For the rest, the room possessed a sofa which was an English cousin to an Italian day bed and curtains of china silk in which there was a faint tinge of pink. A small table on which there was a collection of dainty things for writing, mementos of many Christmases and several lines of shelves crammed with books gave the room something of the appearance of a boudoir, and this was added to by half a dozen cheap French prints framed in gold which looked rather well against a wall paper of tiny bouquets tied up with blue ribbon. Lola’s collection of books had frequently sent John Breezy into gusts of mirth. There was nothing among them that he could read. Very few of them were in English and those were of French history.

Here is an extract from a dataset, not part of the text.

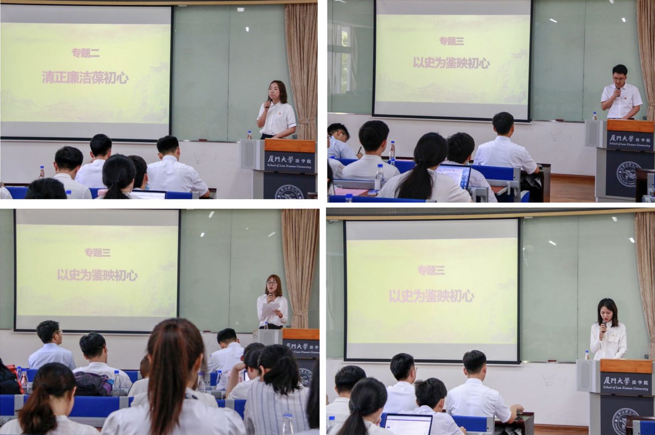 学党史悟初心,筑防线守廉洁。为进一步加强党风廉政教育,把党风廉政建设贯穿于思想政治教育始终,全面提升毕业生的廉洁自律意识和法治观念,自觉筑牢抗腐防变的防线,5月21日上午,法学院以党史学习教育为契机,组织毕业生代表、厦门大学党规党纪学生研习社成员成立廉政学习小组,开展“观廉展、悟廉心、践廉行”主题教育。

The rest were the lives and memoirs of famous courtesans, including those of the Madame de Brézé, to whom the watchmaker always referred with a mixture of pride and levity,—but not when his wife was in hearing. A bulky French dictionary, old and dog-eared, stood in solitude upon the writing table.
It was to this room that Lola withdrew as often as possible to cut herself off from every suggestion of Queen’s Road, Bayswater, and the shop below, and to forget her daily journeys to and from the Polytechnic where she was supposed to be taking a commercial course in bookkeeping and shorthand with a view either to going into an office or becoming a teacher in one of the many small schools which endeavored to keep their heads up in and about that portion of London.
The game of make-believe, which the dramatist who followed Lola from Hyde Park corner that afternoon had watched her play, had been carried on in this bed-sitting room ever since she had fallen under the spell of the de Brézé memoirs. It was here, especially on Sunday mornings, that this young thing let her imagination have full play while her father and mother, dressed in their Sabbath best, attended the Methodist Church near-by. Then, playing the part of her celebrated ancestress, she put on a little lace cap and a peignoir over her nightgown and sat up in bed to receive the imaginary friends, admirers and sycophants who came to her with the latest gossip, with rare and beautiful gifts and with the flattery of their kind, which, while it pleased her very much, failed to turn her head, because, after all, she had inherited much of her mother’s shrewdness. With her door locked, her nose powdered and her lips the color of a cherry, Lola conducted, for her own amusement, a brilliant series of monologues which, if given on the stage in a setting a little more elaborate, would have set all London laughing.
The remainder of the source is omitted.